Wake-up is guaranteed, according to Lark team members.

Team members suspect that the device will cost roughly $60 when it premieres, but the iPhone application will be free.

According to the event website, the team says that the device will “provide compelling nonmedical solutions around optimizing sleep to make both people happier, healthier, smarter, and empowered to demonstrate their respect for each other.”

The product, they say, is named after the lark that sings in Shakespeare’s play Romeo and Juliet.

Insulin Chewing Gum (Products and Services)

Insulin Chewing Gum team member Manijeh Goldberg said that “as the name says, it’s a simple concept: we take insulin, put it inside nanoparticles, and then into chewing gum.”

Inspired to move the invention forward, she said, “A friend of mine, a Sloan Fellow, came back from her home in Nigeria, just in January. When I saw her, she had tears in her eyes, because she saw six people in her village die of diabetes. She was at six funerals during Christmas break.”

“What we’re trying to do is to replace [less effective, more complicated treatments] with a very simple concept: insulin chewing gum. Where you don’t need to open something and read complicated instructions,” said Goldberg.

According to Goldberg, insulin chewing gum is estimated to have a shelf-life of roughly 2 years unrefrigerated — far exceeding the shelf-life of systemic drugs, which requires refrigeration.

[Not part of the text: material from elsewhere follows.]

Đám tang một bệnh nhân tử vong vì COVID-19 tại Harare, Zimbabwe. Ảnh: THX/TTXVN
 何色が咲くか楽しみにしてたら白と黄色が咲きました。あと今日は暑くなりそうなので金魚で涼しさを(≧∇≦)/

“[W]e believe our technology with the help of our advisors such as Dr. Langer is going to make this problem go away and revolutionize how this problem is treated,” she said.

KarDo (Web/IT)

KarDo has created development software which “reduces the cost of IT support” by “eliminating the wasted effort of repetitive tasks by allowing IT staff to easily produce configuration-independent automation,” the event website states.

“Companies today spend $100 billion annually on the IT support alone for desktops alone,” said team member Hariharan Rahul G. “Today, we don’t have technology that can allow IT workers to automate a task across the variety of computer setups that we already have, for example, across different operating systems, or different applications even with the same operating system.”
“KarDo has a technology that can basically look at an IT worker performing a task on one computer and automatically translate it into a set of actions and perform the same tasks on any computer, even a computer of a different set up,” he said.

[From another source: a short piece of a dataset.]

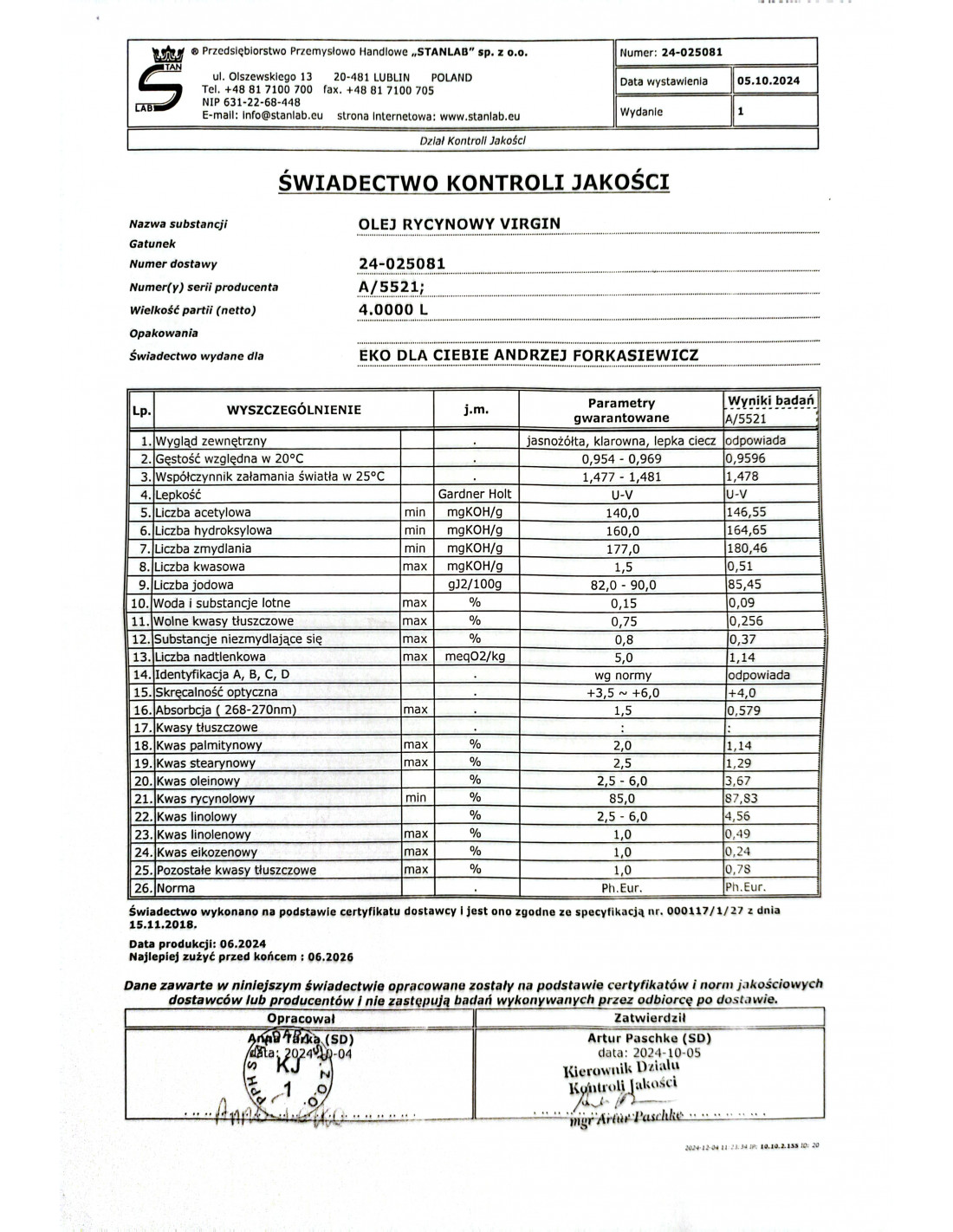 Synonimy : Trójgliceryd kwasów tłuszczowych pochodzenia roślinnego, głównie rycynolowego.

“We built a prototype which has succeeded in hundreds of task-related combinations. Our basic predictions show that Kardo can reduce the cost of desktop support by at least 20 percent. That’s an annual saving of 20 billion dollars.”

C-Crete Technologies (Energy)

“Our idea is about concrete, the most widely used manufacturing material on the planet,” said finalist Rouzbeh Shahsavari G of the one of the two clean energy teams remaining in the competition.

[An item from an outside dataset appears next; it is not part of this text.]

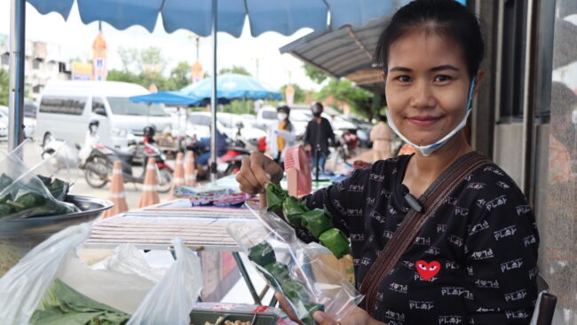 นางสาวอมรรัตน์ บุญรุ่ง หรือ “หญิง” เจ้าของร้านเมี่ยงคำสมุนไพรสูตรแม่ขจร หนึ่งในเมี่ยงคำที่ใครไปใครมาบริเวณลานโพธิ์ จะพบเจอร้านเมี่ยงคำแม่ขจร ตั้งวางขายและทำกันแบบสดๆ เล่าให้เราฟังว่า ในทุกๆ วันตั้งแต่เช้าไปจนถึงช่วงบ่ายๆ มีผู้คนแวะเวียนมาอุดหนุนกันไม่ขาดสาย แต่ส่วนมากจะเลือกสั่งออนไลน์หรือไม่ก็โทรสั่งไว้แล้วค่อยมารับหรือให้ไปส่งก็มี

By developing a “nanoengineered concrete” which not only reduces CO2 emissions but is also much stronger than typical concrete,” the team is hoping to address both the problems of mitigating climate change and making construction materials more durable.
“On average, each person uses more than 3 tons of concrete per year. Unfortunately, concrete manufacturing and consumption accounts for 5 to 10 percent of carbon dioxide emissions worldwide,” he said.
“Our design is unique because we have a way that very gently changed the nanostructure of the material. At the same time it reduces the cost of concrete manufacturing.”

OsComp Systems (Energy)

OsComp Systems, the second finalist in the clean energy category, is trying to promote the use of natural gas with energy-collecting technology.

“We came together last year and looked at a huge market need of the natural gas industry,” said one of the team members. “The revolution is built around a rotary compressor, using new materials and a new design,” that comes at only a fraction of the current cost of other compressors, the team member said.

“91 percent of wells today are marginal, and if we’re able to put a fraction of these wells on line with a cheaper compression solution, the gas price can be made much cheaper, potentially replacing the widespread usage of coal,” he said.
“Natural gas is cleaner than coal,” he pointed out.